INSTITUTIONALISATION of democracy in Nigeria seems to be the surest way of bailing the nation out of the throes of identity crisis- a stigma that persistently shrouds the nation’s image during the military era.
Is it a democracy? This was a question from a book, ‘The British Constitution’ (3rd edition). “In 1940, an American citizen wrote to the spectator from Seattle, Washington, to explain why many American citizens were at that time isolationists. His argument included, the assertion that Britain was not a democracy in his sense of the term.
According to the author “if what you mean by democracy was the system practiced in England just before the war, you will find many here in America who will dissent to your use of the term.
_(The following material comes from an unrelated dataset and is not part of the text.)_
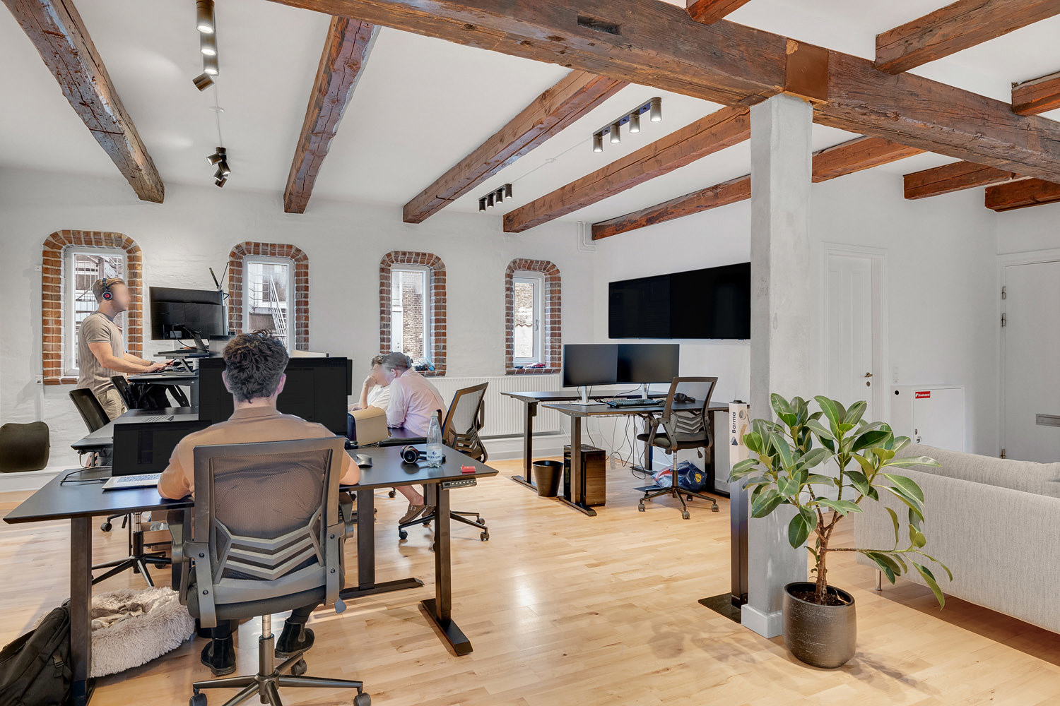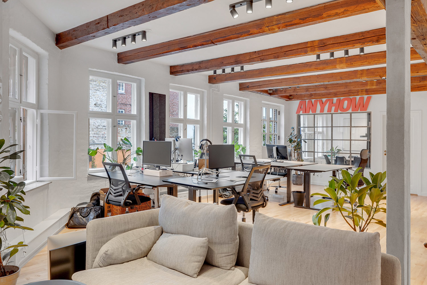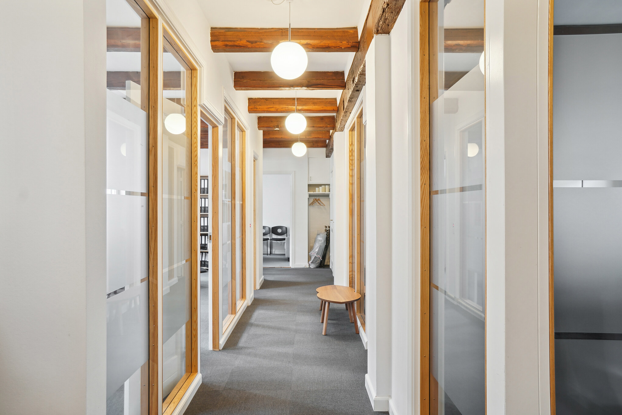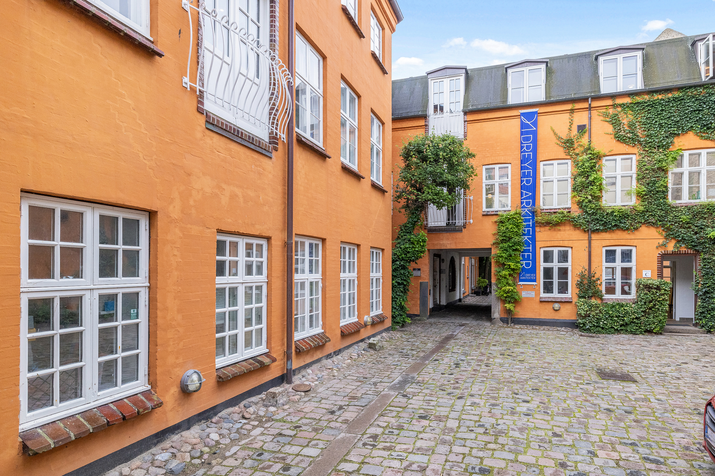 Smukt renoveret bygningskompleks i Frederiksgade tæt ved Rådhuset, Banegården, Musikhuset og gågaderne… Ja, midt i byens puls. Ejendommen rummer både erhvervslejemål, herunder kontor og restaurationer samt boliglejemål. Overalt fremtræder ejendommen pæn og meget indbydende med smukke parketgulve og rustikke vægge. En del bjælkekonstruktioner er synlige, og lokalerne fremstår meget lyse med lysindfald fra tre sider.

I, as an American, do not consider equal justice for all as denoting democracy, or even equal political representation.”
“Democracy must stand on a different basis from something which is grudgingly given by a conciliatory upper class to classes which are hard pressing it. Democracy must stand on the ground of the most common and least priviledge of the people composing a country. It must first be of the people before it can be by it or for it. Therefore, you do not touch us when you say that you are fighting for democracy,” the author informed.
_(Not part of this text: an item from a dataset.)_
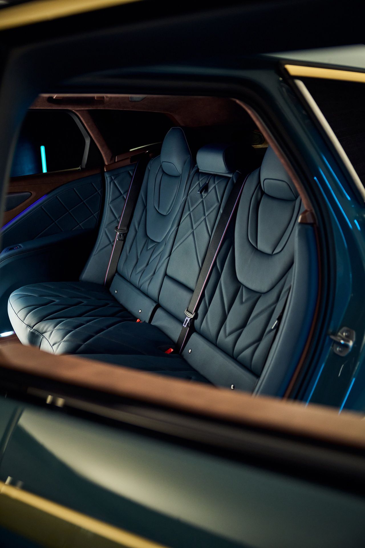 Pikowana skóra tylnej kanapy jest przeciągnięta na drzwi tak, że można odnieść wrażenie, że siedzimy na bardzo miękkiej sofie. To nie jest sportowo zabudowana przestrzeń pasażerska, tylko naprawdę komfortowe miejsce na długie podróże. Górną część obić uzupełnia opcjonalna skóra Vintage, obrobiona tak, by wyglądała na lekko zużytą – na żywo jest to fantastyczny zestaw, bardzo mięsisty, przyjemny w dotyku i wyglądający luksusowo, nie tylko premium.

Furthermore, the scholar said, “if it is necessary for democracy that the country should be rent by fierce conflict between the privileged and the under-privileged, we have not a democracy. But that kind of democracy is to be found neither in our books or in our experience. To him, democracy, as we understand it, means that the people must be free and the rulers govern according to the wishes of the people”.
Nigeria’s race for the future has begun. Politicians decamp from one political party to another. They regroup to set agenda for another democratic dispensation come 2019.
Whatever any person or political parties are strategizing, let them realise that we are the focus of the entire world and we cannot fail to uphold and entrench the spirit of democracy in Nigeria
Nigeria’s political scene is gaining momentum presently as political heavy- weights are cross-carpeting to parties they find comfortable but one would ask, is it time for the fat dividends? Former Senate President, Iyorchia Ayu, in The News Magazine, 14th June, 1993, on ‘Case for Democracy’ caught the vision and saidm: “Many Nigerians are not ready to follow a leadership that will abandon them mid-stream and perhaps turn to settle on their looted wealth in London, and New York”. Also on the way forward for Nigeria, he informed that our solution to attain great height in democracy is “good government that respects the people of this country and that government can only be brought about by democratically elected custodians”.
We have not learnt our lessons, especially when results of elections are released. We often say the election was better than the previous ones. INEC will say the same but the fact remains that political progress does not stop at winning elections, but winning and performing.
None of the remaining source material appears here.